There are traces of a canal the Calusa dug across the island, and a massive sand burial mound sits just outside the research center’s boundaries. It once reached 25 feet high and was ringed by water, but in the early 1900s part of it was destroyed to serve as fill. The Indians lived on the island till the 1700s, when the British in North Florida sent mercenaries and members of other tribes to remove them. A few of the Calusa who avoided death or enslavement made their way to Cuba.

From Pine Island, go back the way you came and then follow U.S. 41 south to Fort Myers and the Southwest Florida Museum of History. The museum is housed in the former Atlantic Coastline Railroad depot, and it offers reproductions of Calusa and Seminole artifacts, including shell tools, masks, weapons and a dugout canoe. You’ll learn about Seminole leaders, such as Billy Bowlegs, who was paid by the U.S. government to relocate with members of his tribe to Indian Territory in Arkansas. There are also replica skeletons of a giant sloth, saber-tooth cat and other beasts that once roamed the area at the end of the last major Ice Age.

From there, drive south on U.S. 41 and follow the signs to Fort Myers Beach, crossing the towering Mantanzas Pass Bridge and heading down Estero Boulevard to Mound House, which sits at the site of a former Calusa village. A house built here in 1906 was expanded and modernized over the years, and in the 1950s the owners dug into a shell mound to clear an area for a swimming pool. The city of Fort Myers Beach acquired the property and removed the pool in 2000.

You can now step inside the excavated area and see the layers of shell behind glass. Radiocarbon dating indicates the oldest layers date to 1,500 to 2,000 years ago, and the site was abandoned around 1,000 years ago. You’ll see shells, shell tools and pottery sherds jutting out of the layers. A multimedia presentation explains the history of Mound House and its swimming pool, as well as the various archaeological finds. The house itself is now undergoing renovation and is scheduled to reopen in October.

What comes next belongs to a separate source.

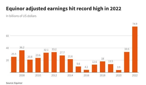 ნავთობისა და გაზის ნორვეგიული კომპანია „ეკვინორის” წლიურმა საოპერაციო მოგებამ 74,9 მილიარდი დოლარი შეადგინა, რაც შარშანდელ მოგებას 2,2-ჯერ აღემატება.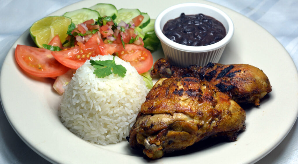 Served with rice, beans, and vegetables

To crown your trip, head further southeast on Estero Boulevard to Mound Key Archaeological State Park, located off Fort Myers Beach. Mound Key is thought to have been the center of cultural life for the Calusa when the Spanish landed in Florida. At one time it was probably nothing more than an oyster bar peeking out of Estero Bay. But as the population of the Calusa, who lived on the surrounding land, grew, the oyster shells and other food remains they discarded accumulated into piles that grew and eventually formed Mound Key.

To reach the key’s mangrove-lined shores, you’ll need to rent a boat, kayak or canoe and put in from Lovers Key State Park on the Fort Myers Beach side, or Koreshan State Historic Site on the mainland. The key has seven mounds, with the tallest reaching 30 feet. You can now barely glimpse the Gulf of Mexico through the vegetation, but in the days of the Calusa, “you would have seen anyone coming for miles,” says park manager Robert Brooks. The Spanish wrote of a Calusa building on Mound Key that could hold 2,000 people.

The Spanish built a mission on the key in 1567, but abandoned it after two years, following violent clashes with the Indians. Later, Cuban fisherman and American settlers moved to Mound Key. Today the only residents are the wildlife and a group of goats that belong to a family that owns a small portion of the key. One of the residents is a gopher tortoise, which was burrowing into the main mound. “It’s a dilemma: an endangered gopher tortoise digging into a protected Indian mound,” Brooks joked.

Once you’re back in your boat, you’ll leave the quiet of Mound Key and return to Fort Myers Beach, with its throngs of residents and tourists – a scene so different from the days when the Calusa were the area’s sole inhabitants.